Отражения павшего города проплывали в его глазах, внимательных и равнодушных.
— Они были негодными кандидатами, раз позволили себя убить, это раз. А вы готовы передать власть первому встречному, который испортит ваше дело и провалит ваши замыслы?
Пожалуй, это был настоящий разговор магистров. Я никогда не задумывался, что чувствуют магистры. Бывает ли им тяжело думать, что передача власти происходит вслепую? Они сомневаются? Бывает ли им страшно? Мне не по статусу рассуждать об этом.
— Позволили себя убить?
— Они умерли, а значит, недостаточно старались, — он пожал плечами. — Определенно.
Шеннейр был безжалостен к слабости.
— А вы хотите, чтобы ваш преемник совершенно соответствовал? — я опасался, что Шеннейр убьет Эршенгаля, если тот попытается выйти из его тени. А пока Эршенгаль не пытался, он для Шеннейра был скучен. Шеннейру было невозможно соответствовать.
— Кто же этого не хочет. Он должен быть чем-то. Чем-то великим.
Я хмыкнул, не сдержавшись, и вынужденно пояснил:
— Долго ждать придется.
Шеннейр поднял руку, чтобы, как и всегда, щелкнуть мне по лбу темной печатью в расплату за дерзость, но передумал.
Норман открыл нам дорогу к Вихрю. Мы ехали по маячкам, которые теперь выстроились в ряд, и буря не пыталась смести нас с дороги, и только ржавой пылью висела в воздухе. Я представлял, как умрет этот мир. Тихо, почти незаметно, покрываясь пылью.
У врат в Вихрь ждал Тхиа. Я едва не кинулся к нему с радостным приветствием, но знакомая ледяная аура привела в чувство. Лорд Норман надел на себя облик Тхиа. Было непонятно, зачем, но Лорд не зря хранил тело гончей.
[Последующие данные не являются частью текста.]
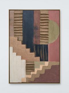 Abstract wall art on canvas. Linen fabric stripes and geometric shapes create visual impact and texture. Unglazed and presented in a wood-effect frame, ready to hang on your wall.

Гончие послужили для меня пропуском. Они следовали своим путем; они оставили мне воспоминания и ощущение чего-то несделанного, незаконченного. Чтобы это заглушить, я возился с Матиасом. Я слишком привязывался. Ко всем, кто проявлял ко мне хоть немного участия. Смешно.
Норман был один. Я ожидал, что он возьмет с собой воинов, но он все еще был один.
— Вы уходите в одиночестве? Где ваши приближенные?
Он коснулся рукой лба:
— Моя колония со мной.
Но... воины? Я думал, из нас хоть заарнский Лорд придет нормально подготовленным.
На сей раз Вихрь притворялся нормальным зданием. Здесь все осталось так, как было, когда здесь жили маги, сбежавшие из разрушенной Шэн. Даже брошенные вещи остались на местах. Вихрь пытался копировать Шэн, и я узнавал просторные коридоры и лестницы. Стены Шэн были сложены из черного камня, и сколько бы ламп ни освещало помещения, они все равно оставались темными. Строителями башен были мирринийке, а они утверждали, что у них от черного цвета глаза отдыхают.
Лорд Норман шагал тяжело, и коридор содрогался от каждого шага, и на полу оставались вмятины. Словно тщедушная фигурка тащила на себе огромный груз.
— Я оставлю вам все подземные туннели, — видеть отсутствие эмоций Нормана на всегда живом лице Тхиа было тяжело. — Там есть рельсы, подземные озера.
Даже уходя, Норман заботился об Аринди. Порой мне казалось, что мы его не заслужили.
Шеннейр смотрел ему в затылок с холодной улыбкой. Если бы Норман не убрался сам, темный магистр пришел бы за ним лично.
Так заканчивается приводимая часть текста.